**What the exercise asks**.
Please write out all of the entries beneath this line exactly, skipping the pictures.

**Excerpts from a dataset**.
- - -

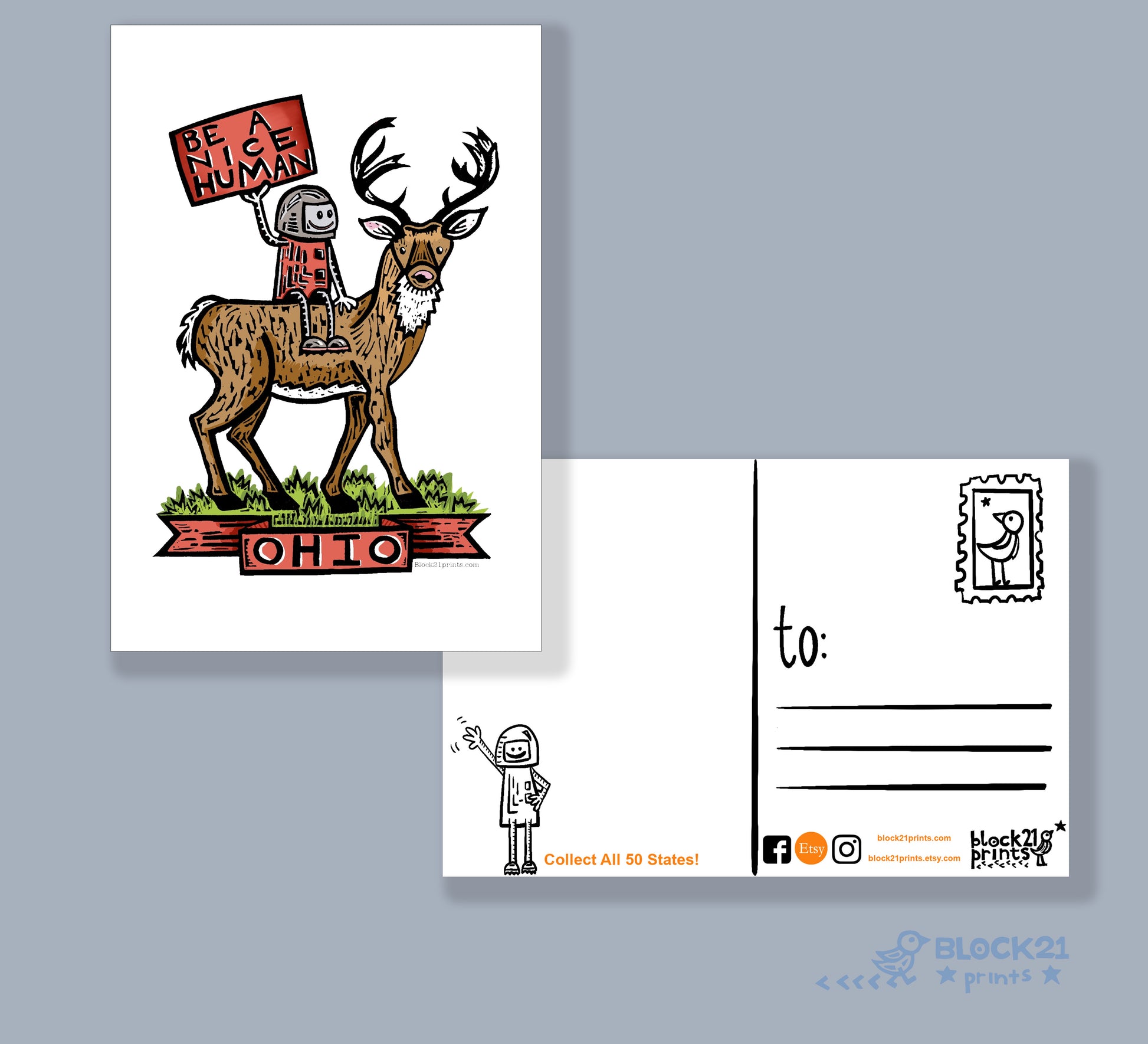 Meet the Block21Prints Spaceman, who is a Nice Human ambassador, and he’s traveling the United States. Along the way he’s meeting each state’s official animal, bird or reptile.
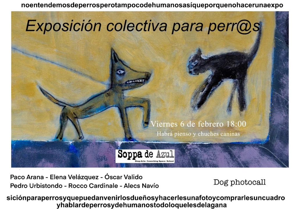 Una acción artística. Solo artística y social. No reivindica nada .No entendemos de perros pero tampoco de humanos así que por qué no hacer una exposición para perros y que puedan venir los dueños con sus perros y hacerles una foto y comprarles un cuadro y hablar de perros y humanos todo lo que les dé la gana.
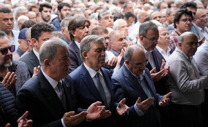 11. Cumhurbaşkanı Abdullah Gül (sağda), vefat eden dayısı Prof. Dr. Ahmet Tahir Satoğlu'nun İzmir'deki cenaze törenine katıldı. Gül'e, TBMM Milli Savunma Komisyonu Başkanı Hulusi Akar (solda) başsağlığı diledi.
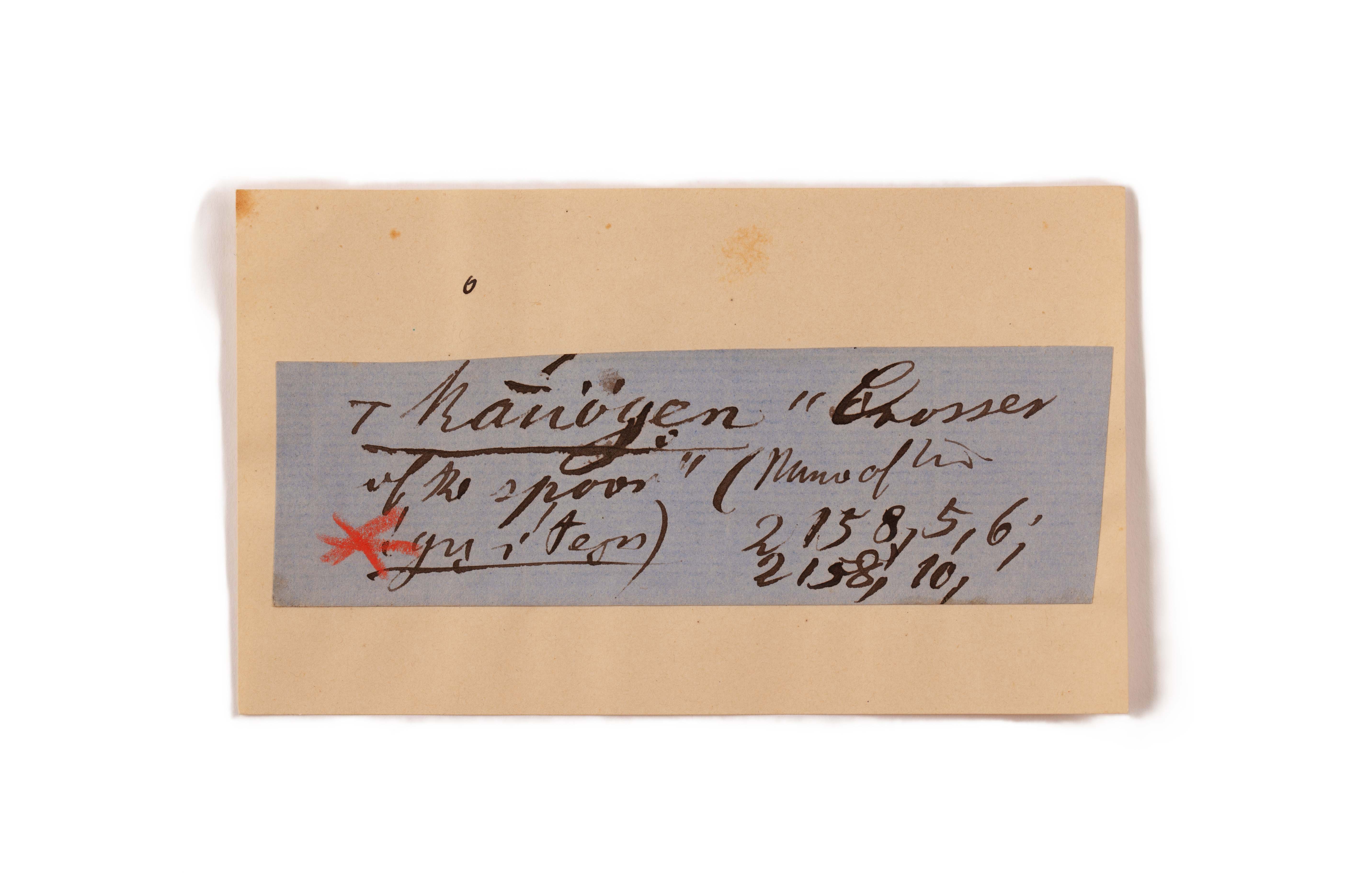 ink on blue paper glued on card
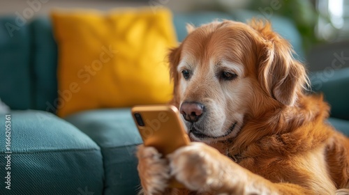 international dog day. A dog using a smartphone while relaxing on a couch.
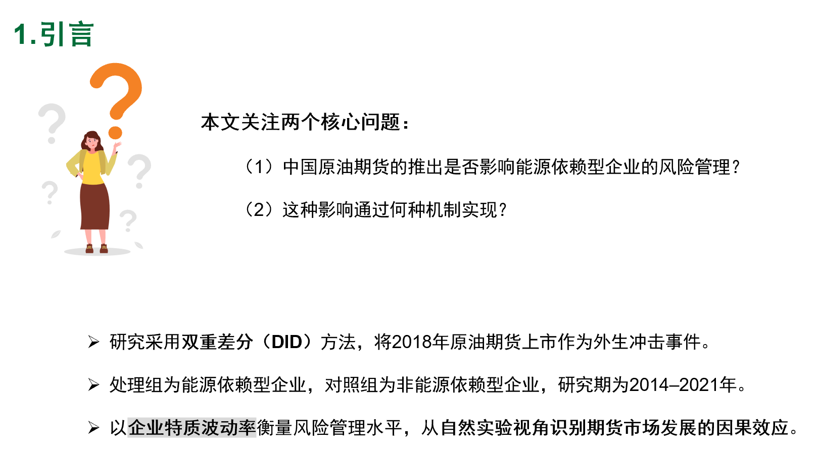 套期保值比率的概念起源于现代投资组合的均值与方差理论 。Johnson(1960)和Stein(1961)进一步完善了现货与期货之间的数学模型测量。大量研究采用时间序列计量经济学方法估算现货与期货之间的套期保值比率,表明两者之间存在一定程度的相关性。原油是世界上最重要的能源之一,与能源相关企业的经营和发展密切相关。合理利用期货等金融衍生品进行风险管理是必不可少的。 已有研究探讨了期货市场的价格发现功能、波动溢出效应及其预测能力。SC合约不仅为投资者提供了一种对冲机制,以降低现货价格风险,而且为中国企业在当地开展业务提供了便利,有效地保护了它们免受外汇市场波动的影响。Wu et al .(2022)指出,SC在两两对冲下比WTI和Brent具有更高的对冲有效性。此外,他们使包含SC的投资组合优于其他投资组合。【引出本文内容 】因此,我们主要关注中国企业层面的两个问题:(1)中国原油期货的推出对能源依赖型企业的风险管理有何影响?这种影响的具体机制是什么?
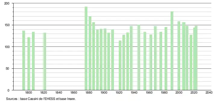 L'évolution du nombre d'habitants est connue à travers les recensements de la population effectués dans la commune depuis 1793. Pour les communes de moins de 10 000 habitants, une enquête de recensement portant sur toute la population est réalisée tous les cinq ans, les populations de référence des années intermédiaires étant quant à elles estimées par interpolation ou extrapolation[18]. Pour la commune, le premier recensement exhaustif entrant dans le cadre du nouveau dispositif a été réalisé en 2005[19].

- - -

**Problem solution**.
 Meet the Block21Prints Spaceman, who is a Nice Human ambassador, and he’s traveling the United States. Along the way he’s meeting each state’s official animal, bird or reptile.
 Una acción artística. Solo artística y social. No reivindica nada .No entendemos de perros pero tampoco de humanos así que por qué no hacer una exposición para perros y que puedan venir los dueños con sus perros y hacerles una foto y comprarles un cuadro y hablar de perros y humanos todo lo que les dé la gana.
 11. Cumhurbaşkanı Abdullah Gül (sağda), vefat eden dayısı Prof. Dr. Ahmet Tahir Satoğlu'nun İzmir'deki cenaze törenine katıldı. Gül'e, TBMM Milli Savunma Komisyonu Başkanı Hulusi Akar (solda) başsağlığı diledi.
 ink on blue paper glued on card
 international dog day. A dog using a smartphone while relaxing on a couch.
 套期保值比率的概念起源于现代投资组合的均值与方差理论 。Johnson(1960)和Stein(1961)进一步完善了现货与期货之间的数学模型测量。大量研究采用时间序列计量经济学方法估算现货与期货之间的套期保值比率,表明两者之间存在一定程度的相关性。原油是世界上最重要的能源之一,与能源相关企业的经营和发展密切相关。合理利用期货等金融衍生品进行风险管理是必不可少的。 已有研究探讨了期货市场的价格发现功能、波动溢出效应及其预测能力。SC合约不仅为投资者提供了一种对冲机制,以降低现货价格风险,而且为中国企业在当地开展业务提供了便利,有效地保护了它们免受外汇市场波动的影响。Wu et al .(2022)指出,SC在两两对冲下比WTI和Brent具有更高的对冲有效性。此外,他们使包含SC的投资组合优于其他投资组合。【引出本文内容 】因此,我们主要关注中国企业层面的两个问题:(1)中国原油期货的推出对能源依赖型企业的风险管理有何影响?这种影响的具体机制是什么?
 L'évolution du nombre d'habitants est connue à travers les recensements de la population effectués dans la commune depuis 1793. Pour les communes de moins de 10 000 habitants, une enquête de recensement portant sur toute la population est réalisée tous les cinq ans, les populations de référence des années intermédiaires étant quant à elles estimées par interpolation ou extrapolation[18]. Pour la commune, le premier recensement exhaustif entrant dans le cadre du nouveau dispositif a été réalisé en 2005[19].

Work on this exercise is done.